- **WHAT IS REQUIRED**
Set the images aside and retype the whole listing exactly.

- **THE DATA**
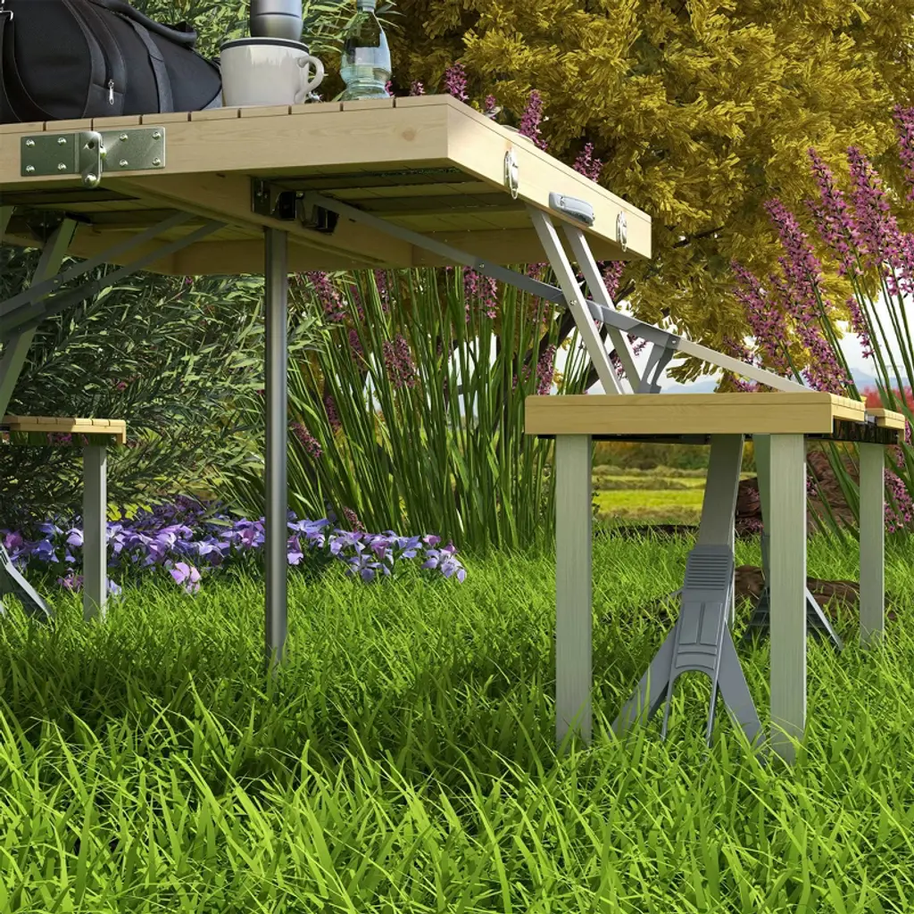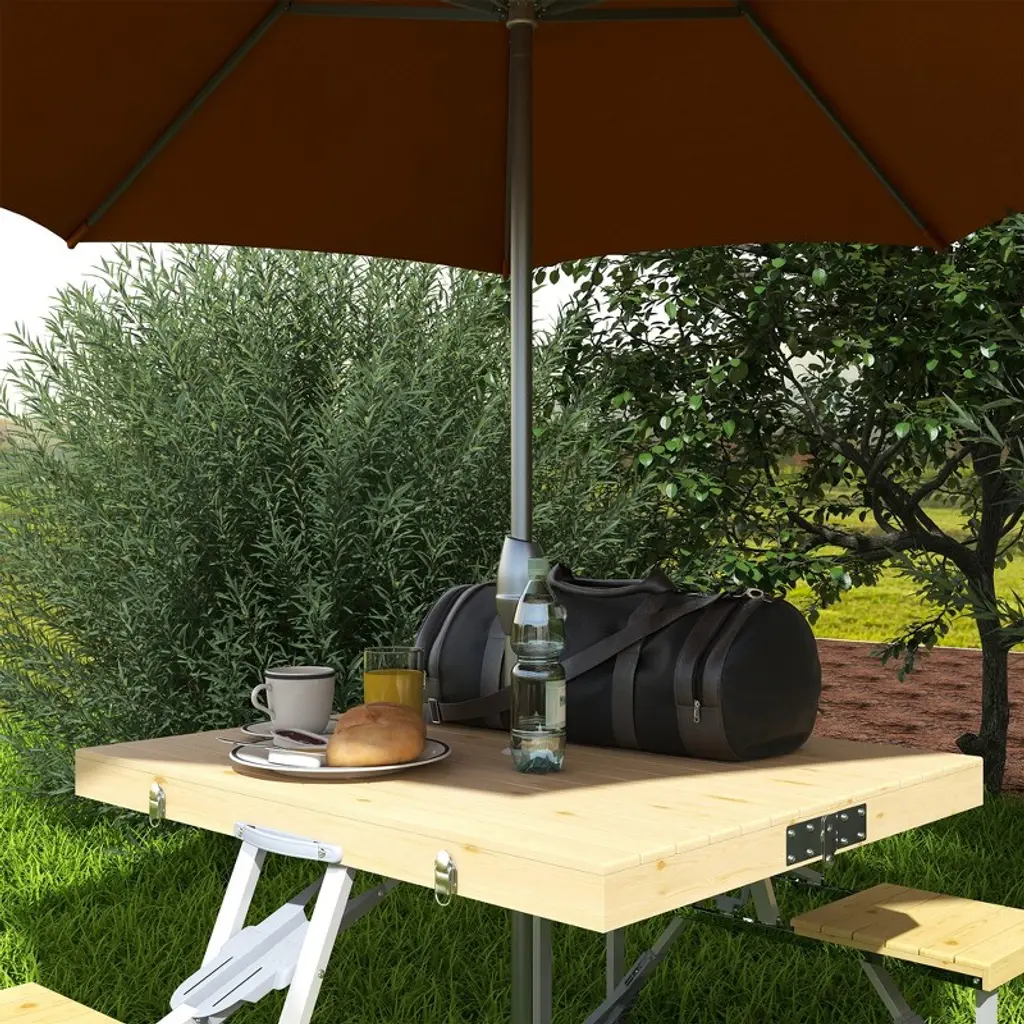 Want to make it a day to remember? Add this folding table and chairs set from Outsunny to your family's collection to make setup, transport, and storage a breeze. It folds down, so it's a snap to bring it with you on the go. You'll appreciate the built-in umbrella hole, which allows you to provide shade on mainly sunny days. It's handy for any activity, whether camping, spending a day together at the park, or catching a bite to eat outdoors.
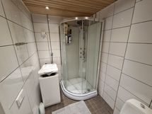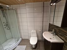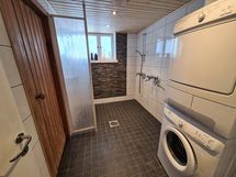 Erillisen WC:n kuvaus: Lattia ja seinät kaakeloitu, suihku, peili, pesukoneliitäntä.
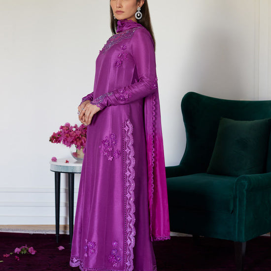 Tierra Muted Magenta Embroidered Raw Silk Kalidar With Dupatta

- **SOLVED EXERCISE**
 Want to make it a day to remember? Add this folding table and chairs set from Outsunny to your family's collection to make setup, transport, and storage a breeze. It folds down, so it's a snap to bring it with you on the go. You'll appreciate the built-in umbrella hole, which allows you to provide shade on mainly sunny days. It's handy for any activity, whether camping, spending a day together at the park, or catching a bite to eat outdoors.
 Erillisen WC:n kuvaus: Lattia ja seinät kaakeloitu, suihku, peili, pesukoneliitäntä.
 Tierra Muted Magenta Embroidered Raw Silk Kalidar With Dupatta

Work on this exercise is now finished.